--- WORK ITEM ---
A word-for-word copy of the data is what's wanted; pictures stay out of it.

--- DATA BLOCK ---

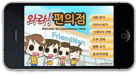 ... ▲ 아이폰용 타워디펜스게임으로 개발 중인 '와라! 편의점' '와라!편의점'은 지강민 작가가 네이버에 연재중인 인기 웹툰을 원작하고 타워디펜스 장르의 게임으로 개발 중이다. 원작에 등장하는 캐릭터들을 동원해 편의점을 공격해오는 적을 막는다는 내용으로 내년 초 아이폰 버전
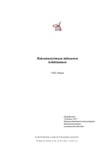 Työssä käydään teorian pohjalta läpi mittaustekniikan kehitystä, sekä rakennusalan eri mittausmenetelmiä ja -laitteita. Pääpaino työssä on kuitenkin takymetrimittauksissa. Takymetrimittausten osalta käydään tarkemmin läpi mm. kaluston käsittely, eri mittausmenetelmät, sekä CAD -ohjelmistojen käyttö takymetrimittausten tukena.
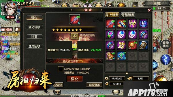 最后推荐的是装备的强化,以及BOSS积分以及功勋称号。之所以摆到最后才讲是因为这些前期都不用急着去升的,第一因为装备弄得再好,有可能被人杀了就爆掉了,这样一来基本就前功尽弃了。至于BOSS积分,可以通过平时打BOSS和在线的时候累积增加,或者可以101级之后花费人物经验来兑换,直接元宝购买的话,因为属性提升不是很多性价比不算太高所以不推荐;功勋称号也是如此,可以通过每日的功勋除魔,不用怎么花费元宝就可以获得不少的功勋,所以这两样不用急着去升,如果你是大R超R不缺钱的话就不用考虑这些了,直接买买买,点点点就是了。

--- SOLUTION TO THE PROBLEM ---
 ... ▲ 아이폰용 타워디펜스게임으로 개발 중인 '와라! 편의점' '와라!편의점'은 지강민 작가가 네이버에 연재중인 인기 웹툰을 원작하고 타워디펜스 장르의 게임으로 개발 중이다. 원작에 등장하는 캐릭터들을 동원해 편의점을 공격해오는 적을 막는다는 내용으로 내년 초 아이폰 버전
 Työssä käydään teorian pohjalta läpi mittaustekniikan kehitystä, sekä rakennusalan eri mittausmenetelmiä ja -laitteita. Pääpaino työssä on kuitenkin takymetrimittauksissa. Takymetrimittausten osalta käydään tarkemmin läpi mm. kaluston käsittely, eri mittausmenetelmät, sekä CAD -ohjelmistojen käyttö takymetrimittausten tukena.
 最后推荐的是装备的强化,以及BOSS积分以及功勋称号。之所以摆到最后才讲是因为这些前期都不用急着去升的,第一因为装备弄得再好,有可能被人杀了就爆掉了,这样一来基本就前功尽弃了。至于BOSS积分,可以通过平时打BOSS和在线的时候累积增加,或者可以101级之后花费人物经验来兑换,直接元宝购买的话,因为属性提升不是很多性价比不算太高所以不推荐;功勋称号也是如此,可以通过每日的功勋除魔,不用怎么花费元宝就可以获得不少的功勋,所以这两样不用急着去升,如果你是大R超R不缺钱的话就不用考虑这些了,直接买买买,点点点就是了。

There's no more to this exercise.